Image Map

DİSK-AR: Ne ekonomi iş yaratıyor ne de eğitim ekonomiyi destekliyor!

Avrupa Birliği ülkeleri 1997 yılında oluşturdukları Avrupa İstihdam Stratejisi (Lizbon Bildirgesi) ile istihdam oranlarını 2010 yılına kadar %70’e çıkarma hedefini önlerine koydular. Avrupa Birliğine üye 27 ülkenin istihdam oranı şimdiden %65. Ancak Türkiye bu hedeften oldukça uzakta ve 15 yaş üstü çalışabilir nüfusun yarısından fazlası işgücü dışında. Türkiye’de her 100 kişiden sadece 46’sı istihdam ediliyor. Aynı göstergeyi nitelikli işgücü sayılabilecek üniversite mezunlarına göre incelediğimizde de aynı sonuç çıkmaktadır. Türkiye’de üniversite mezunu çalışabilir nüfusun %29’u ekonominin dışındayken, AB ülkelerinde bu oran %16.

 

 

 

 

Kültürel ve sosyal nedenleri bir tarafa bırakıp sadece işgücü talebi ve arzı açısından soruna bakarsak, bu durumun muhtemel iki nedeni olabilir:

1.       Ekonominin, nüfus artışı ve göç gibi nedenlerle artan işgücü talebini emme kapasitesi bulunmamaktadır.

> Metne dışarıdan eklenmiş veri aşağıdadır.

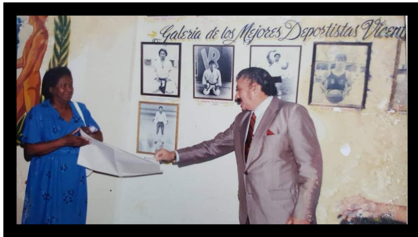
Mejor deportista del Vicente Roca fuerte 198.
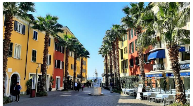
Via Santa Maria Maggiore
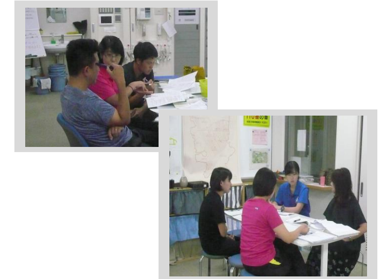
写真 1 <教科チーム研修>
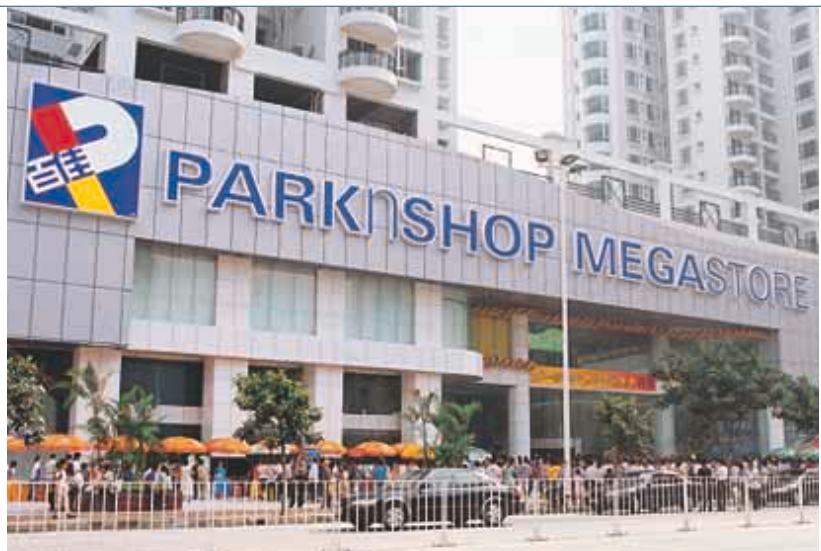
百佳成功在華南地區引進大型購物廣場的新概念。

集團之非食品零售業務包括屈臣氏大藥房及Savers。屈臣氏大藥房是首屈一指之個人護理產品連鎖店，在香港、台灣、中國內地及東南亞各國享負盛名；Savers則是英國一家保健及美容產品連鎖店。此等業務之合計銷售額較上年度增加百分之十四，利息及稅前盈利則與上年度相若。屈臣氏大藥房在亞洲繼續擴充，商店數目在本年度增加二十八間，使區內總數達到超過五百六十間。在香港，屈臣氏大藥房之總銷售量輕微上升，但由於經濟不景，利息及稅前盈利低於上一年度。內地之銷售量增加百分之十五，並錄得良好業績。台灣方面因當地經濟放緩，新台幣匯率下調及經營遇到阻滯而錄得較上年度減少百分之十五之銷售量，利息及稅前盈利亦大幅下降。該公司新上任之管理層正著手處理上述困難，重整旗鼓，務求改善業績。在東南亞，屈臣氏大藥房於新加坡、馬來西亞及泰國之銷售量較上年度增加百分之三，利息及稅前盈利亦有上升。集團於二〇〇〇年九月收購之英國Savers連鎖店在本年度積極增設商店，至年底為止，商店數目已增至超過二百三十間。由於成功增加商店，加上各店之銷售量大幅上升，Savers本年度錄得大幅增長，業績較預期為佳。該公司已積極部署下一步之擴展計劃。
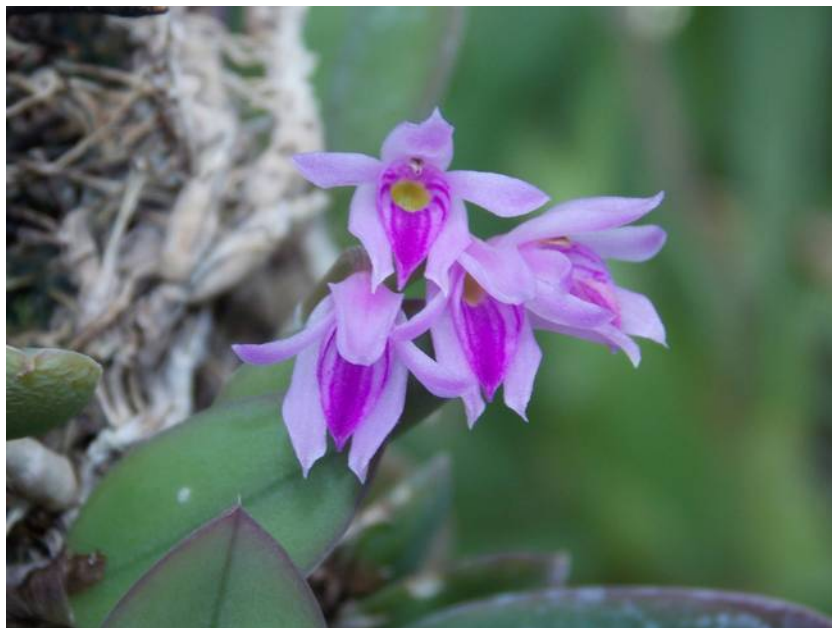
Meiracyllium trinasutum (syn. wendlandii )

Openingstijden : Maandag t/m Vrijdag 9.00 uur – 18.00 uur Zaterdag 9.00 uur – 17.00 uur
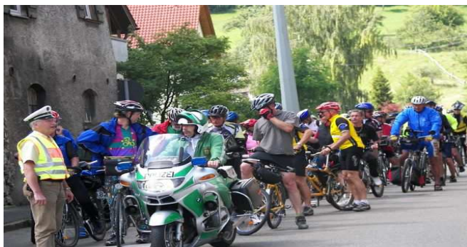
Warten an der B10 unter Polizeischutz

Die von SWR4 und SWR Fernsehen organisierte „ Tour de Ländle “ streift auf ihrem Weg vom Täle nach Donzdorf und Schwäbisch Gmünd mit 3000 Radfahrern die Gemeinde.
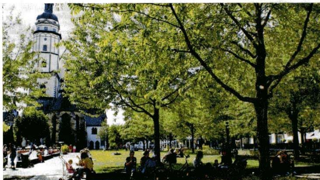
Blick in den Park vor der Thomaskirche, in der sich die Grabstätte Johann Sebastian Bachs befindet.
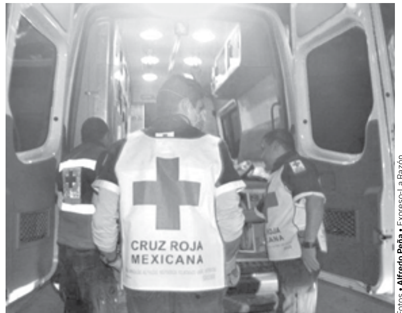
EL HOMBRE fue llevado de urgencia a un hospital de Tula, Tamaulipas.

Por ello ante la lejanía de un hospital de San Luis optó por trasladarse a Tula donde la policía tuvo conocimiento y esta dará parte a el estado vecino.

2.       Türkiye’deki 15-65 yaş arası çalışma çağında bulunan nüfus istihdam edilebilir vasıflara sahip değildir.

 

Bu nedenlerden birincisine yönelmek doğrudan Türkiye’de bugüne kadar uygulanan ekonomik politikaların eleştirisini gerektirdiği gibi sermaye sahibi kesimlerinde çalışma biçimlerini sorgulamaya tutacaktır. Herhalde bu nedenle olsa gerek, istihdam ve işsizlik sorunlarının ele alındığı her toplantıda eğitim tek çıkış yolu olarak gösterilmekte ve birinci nedenden böylelikle uzak durulmaktadır. Ancak Türkiye’deki eğitim ve istihdam göstergelerine bakıldığında dahi bu soru ve sorgulamalardan kaçmak mümkün olmamaktadır.

 

Eğitim ve İstihdam

Kuşkusuz eğitimin üretim için rolü küçümsenemez. Bugün istihdam sorunu açısından, ülkelerin kendilerine sormaları gereken birinci soru artık ne kadar sınai kaynağa sahip oldukları değil, işgücünün ne kadar eğitimli olduğudur. Bu yaklaşım Lizbon Bildirgesinde de içerilmiştir. Bu bildirgenin en temel amacı: dünya çapında, bilgi ekonomileri içindeki rekabette Avrupa’nın etkinliğini arttırmak. Bildirgeye göre, tüm Avrupa’nın 2010’a kadar, rekabetçi politikanın gereklerinin yerine getirmesi gerekiyor ve eğitim de bunun önemli bir bileşeni.

 

 

Eğitim ve istihdam edilme oranları arasında olması beklenen ilişki bu politikanın benimsenmesinin nedenlerinden bir tanesi. Ki AB ülkelerinde göstergeler de eğitim düzeyi ilerledikçe işsizliğin azaldığını gösteriyor. Örneğin, AB ülkelerinde ilköğretim seviyesindekiler arasında işsizlik oranı %12 civarındayken, üniversite mezunları arasındaki işsizlik oranı belirgin bir düşüşle %4,6’ya inmektedir. Oysa Türkiye’deki eğitim ile çalışma yaşamı arasında bir kopukluk sözkonusu. Eğitim düzeyinin yüksek olması ne işin niteliğini ne de işsizliği belirliyor. AB ülkelerinde eğitim ile işsiz sayısı arasında ters yönlü bir ilişki gözlemlenebilirken, Türkiye’de böyle bir ilişki yok. Avrupa’da eğitim artarken işsizlik azalıyor. Bu süreç, Türkiye’de aynı biçimde ilerlemiyor. Türkiye’de ortaokul ve ilköğretim mezunlarının %13’ü işsiz, üniversite mezunu olmak da durumu değiştirmiyor. Türkiye’de lise mezunlarının %13’ü Yüksek okul mezunlarının %10’u işsiz.

 

Bu kopukluğun yine iki nedeni olabilir:

1.       Üretim düşük katma değerli, emek yoğun işlerde yoğunlaştığı için nitelikli emek ihtiyacı artmamaktadır.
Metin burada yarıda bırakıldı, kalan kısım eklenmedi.